TASK TO COMPLETE
With any pictures left out, restate word for word the lines in the listing below from the one holding "2025년 5월 13일" through the last.

DATA SEGMENT
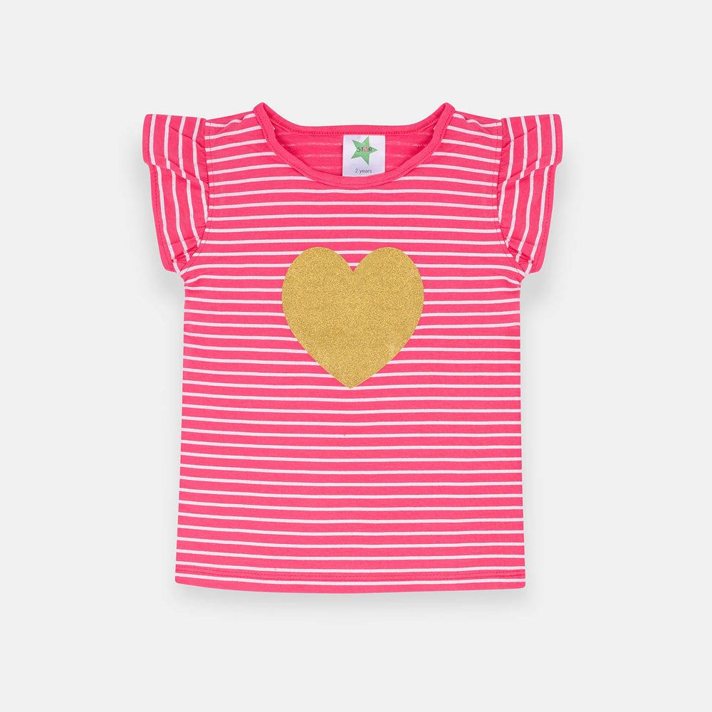 STR Glitter Heart Pink White Stripe Top 1331
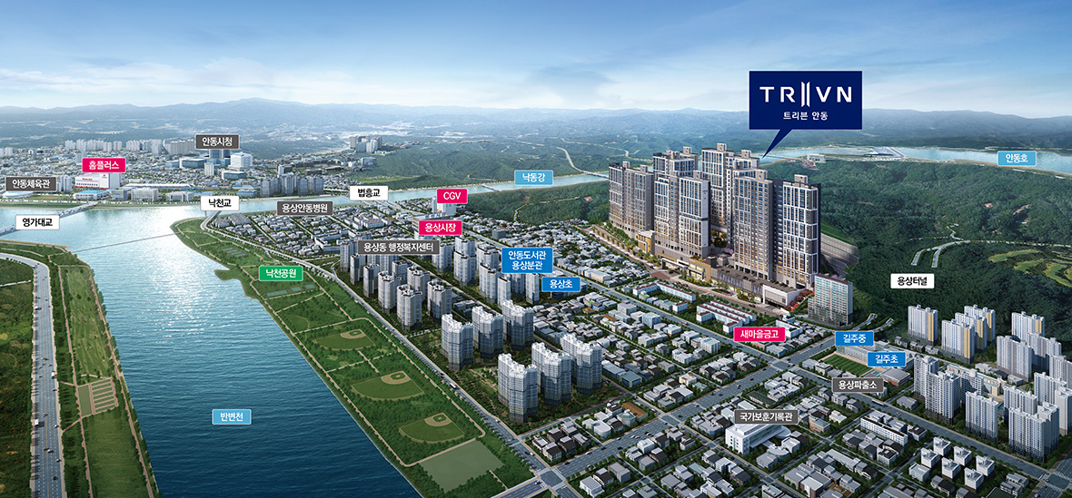 2025년 5월 13일 1순위 청약을 앞둔 ‘트리븐 안동’은 경북 안동시 용상동 산46-1 일대에 조성되는 신규 고급 주거단지로, 대신자산신탁이 시행하고 두산에너빌리티가 시공을 맡은 프로젝트입니다. 지하 4층~지상 19층, 7개동, 총 418가구 규모로 구성되어 안동 지역에서 보기 드문 중대형 고급 아파트로 주목받고 있습니다.
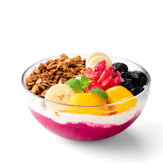 旬の果実、砂糖不使用・乳不使用の豆乳ヨーグルトクリーム、カラメルのような香ばしいデーツシロップをよく混ぜてお召し上がりください。
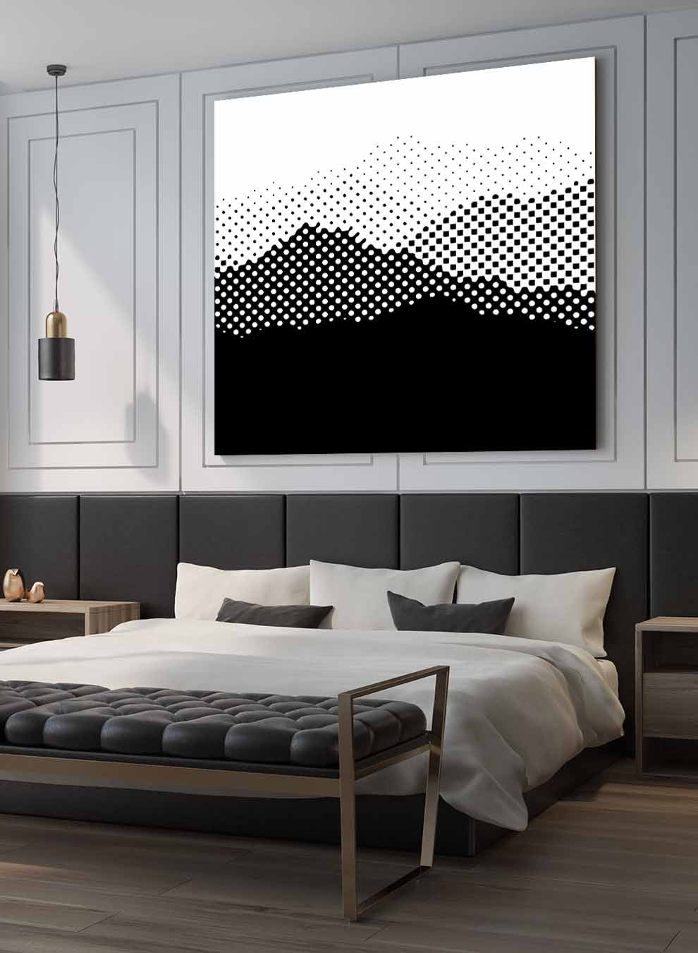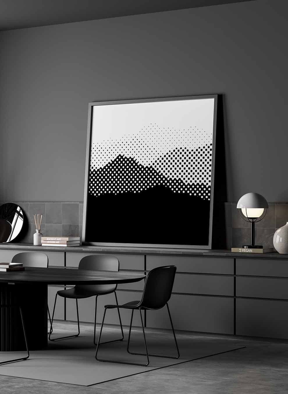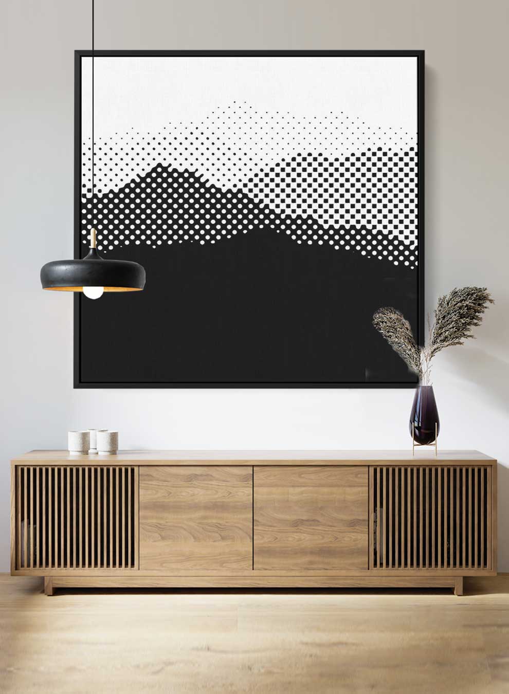 Square Canvas Wall Art Stretched Over Wooden Frame with Black Floating Frame and High Mountains Painting

SOLUTION TO THIS PROBLEM
 2025년 5월 13일 1순위 청약을 앞둔 ‘트리븐 안동’은 경북 안동시 용상동 산46-1 일대에 조성되는 신규 고급 주거단지로, 대신자산신탁이 시행하고 두산에너빌리티가 시공을 맡은 프로젝트입니다. 지하 4층~지상 19층, 7개동, 총 418가구 규모로 구성되어 안동 지역에서 보기 드문 중대형 고급 아파트로 주목받고 있습니다.
 旬の果実、砂糖不使用・乳不使用の豆乳ヨーグルトクリーム、カラメルのような香ばしいデーツシロップをよく混ぜてお召し上がりください。
 Square Canvas Wall Art Stretched Over Wooden Frame with Black Floating Frame and High Mountains Painting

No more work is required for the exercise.